According to Montel’s Chief Analyst, Tobias Federico: “Volatility has more than doubled on the front-month TTF contract since the outbreak of war on 28 February, with a fifth of the world’s LNG shipments stopped almost entirely.”
One trader, one hundred bots
An individual trader could “easily have 100 to 200 bots following markets and placing bets”, for example, Professor Antonio Mele, a macroeconomist now doing AI research at the London School of Economics, told Montel.
“It is like having 200 traders working for you for cents on the dollar. They process news and execute orders automatically and that makes prices move much, much faster.”

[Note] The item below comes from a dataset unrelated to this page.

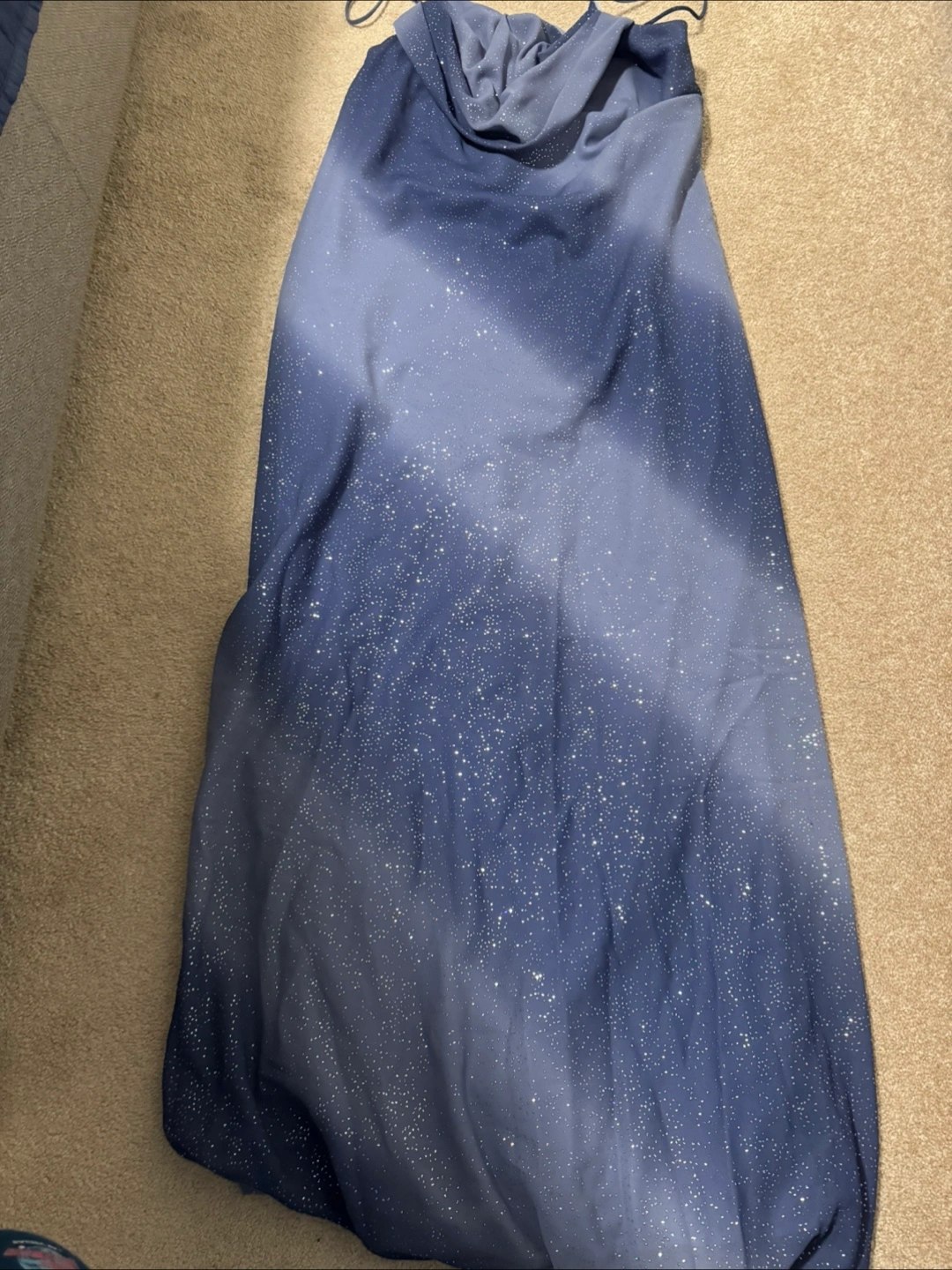 Here's a beautiful blue dress with a starry pattern! It's in great condition and ready for a new home. The dress has a nice flowy feel and would be perfect for a special occasion or just a fun night out. Hardly worn and the retail price was 150$ selling it at a low cost
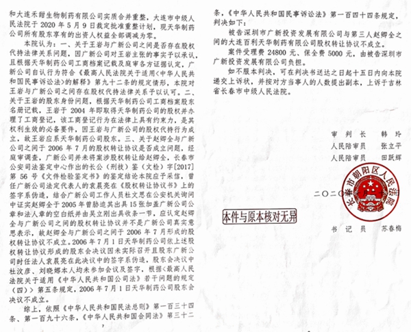 (3)我们多次向大连市中级法院反映陈茂芝债权1.3亿元、广东拓达医药有限公司1亿多元的债务系虚假债权并提供相应的线索,同时提供公安鉴定报告证明赵卿全持有股权是虚假的。然而大连市中级法院对赵卿全虚构的多笔债权的真实性不予审查,这又是为什么?

Since the war in Iran began, all eyes have been on the Brent crude oil price when tracking market sensitivity to social media posts but increasingly European gas markets long anchored in fundamentals were exhibiting the same reactive dynamics. This has, for example, been prompted by the likes of US president Donald Trump’s daily dispatches, leading to large price swings that profit some traders, but leave others lamenting an “untradeable” market.
Speaking to Montel, Alan Whitefield, Trading Manager at Alcarbon said: “The swings in oil that we’ve seen relating to algos reading headlines, the TTF is following almost the exact same sort of patterns.
“It feels like the gas market reaction is much more violent and sudden than it used to be in previous crises.”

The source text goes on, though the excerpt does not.